This article breaks down both frameworks in plain terms, explains where they align, where they diverge, and what that means practically for your business.
What Is ISO 13485?
ISO 13485 is the international standard for quality management systems in the medical device industry. It is based on the same high-level structure as ISO 9001, but it is specifically tailored to the regulatory requirements of the medical device sector. Where ISO 9001 focuses broadly on customer satisfaction and continual improvement, ISO 13485 places greater emphasis on regulatory compliance, risk management, and the consistent production of safe and effective medical devices.
The standard was first published in 1996 and has been revised several times, with the current version being ISO 13485:2016. It applies to any organisation involved in the design, development, production, installation, or servicing of medical devices, including component suppliers and distributors who play a role in the supply chain.
Who Publishes ISO 13485 and Who Recognises It?
ISO 13485 is published by the International Organisation for Standardisation. Certification to ISO 13485 is recognised across many major regulatory markets including the European Union, Canada, Australia, Japan, and Brazil. In Australia, the Therapeutic Goods Administration references ISO 13485 as part of its conformity assessment framework for medical devices. In Canada, Health Canada accepts ISO 13485 certification as part of the Medical Device Single Audit Program, known as MDSAP.
Importantly, ISO 13485 is a certifiable standard. That means an accredited certification body can audit your quality management system and issue a certificate confirming conformance. That certificate carries weight in procurement, regulatory submissions, and supply chain qualification.

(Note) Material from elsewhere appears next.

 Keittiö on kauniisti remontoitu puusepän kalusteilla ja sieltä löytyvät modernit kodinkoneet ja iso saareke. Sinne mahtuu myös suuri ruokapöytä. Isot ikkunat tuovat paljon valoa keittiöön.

What Is FDA 21 CFR Part 820?
FDA 21 CFR Part 820 is the Quality System Regulation published by the US Food and Drug Administration. It sets out the requirements that medical device manufacturers must meet to legally sell devices in the United States. It is not a voluntary standard. It is federal regulation, and failure to comply can result in warning letters, import alerts, consent decrees, and product recalls.

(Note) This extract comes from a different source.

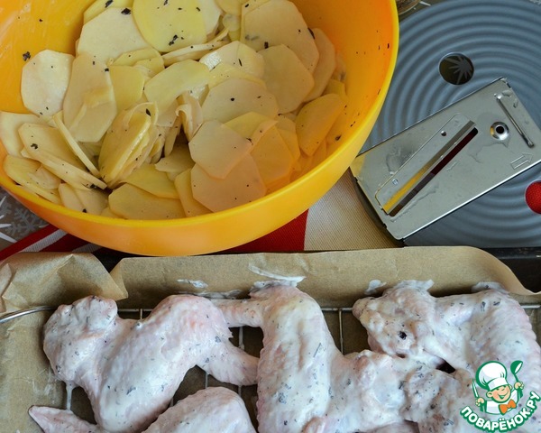 слайсы картофеля посолить, выложить в маринад от крыльев, перемешать. -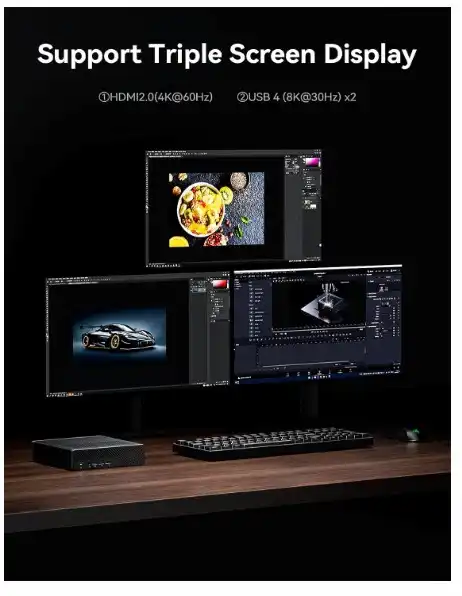 - 【Support Enterprise-class Storage】:MS-01 supports enterprise-class storage, and expands with up to three M.2 NVMe SSDs, with each slot supporting a maximum capacity of 2TB. The leftmost slot is PCIe 4.0 compatible, with a maximum transfer speed of 7000MB/s.It supports both RAID0 for increased capacity and RAID1 for enhanced data safety. Supports enterprise-class storage, allowing for expansion up to a total max storage of 24TB with a configuration of one U.2 NVMe SSD and two 22110 M.2 NVMe SSDs.MS-01 meets a wide range of capacity requirements.

Part 820 has been the cornerstone of US medical device quality regulation since 1996. In 2024, the FDA finalised a significant update, replacing the original Part 820 with a revised regulation known as the Quality Management System Regulation, or QMSR. This update formally incorporates ISO 13485:2016 by reference, which is a major development that has substantially narrowed the gap between the two frameworks. However, the two are still not identical, and US-specific requirements remain.
Who Must Comply With 21 CFR Part 820?
Any manufacturer of medical devices that are sold in the United States must comply with 21 CFR Part 820, including the updated QMSR provisions. This includes foreign manufacturers who export to the US. The FDA conducts inspections of manufacturing facilities, and compliance with Part 820 is assessed during those inspections. Non-compliance findings are made public through the FDA's inspection database and can have serious commercial and regulatory consequences.
Key Similarities Between ISO 13485 and 21 CFR Part 820
Because the FDA's updated QMSR explicitly incorporates ISO 13485:2016, the two frameworks now share a great deal of common ground. If you have built a solid ISO 13485 quality management system, you have already addressed a large proportion of what the FDA expects. Here are the main areas of alignment.
Document and Record Control
Both frameworks require robust control over documents and records. You need to control which version of a procedure is current, ensure staff are working from approved documents, and retain records in a way that allows traceability. The requirements are broadly equivalent, though the FDA has historically been more prescriptive about specific record retention periods and formats.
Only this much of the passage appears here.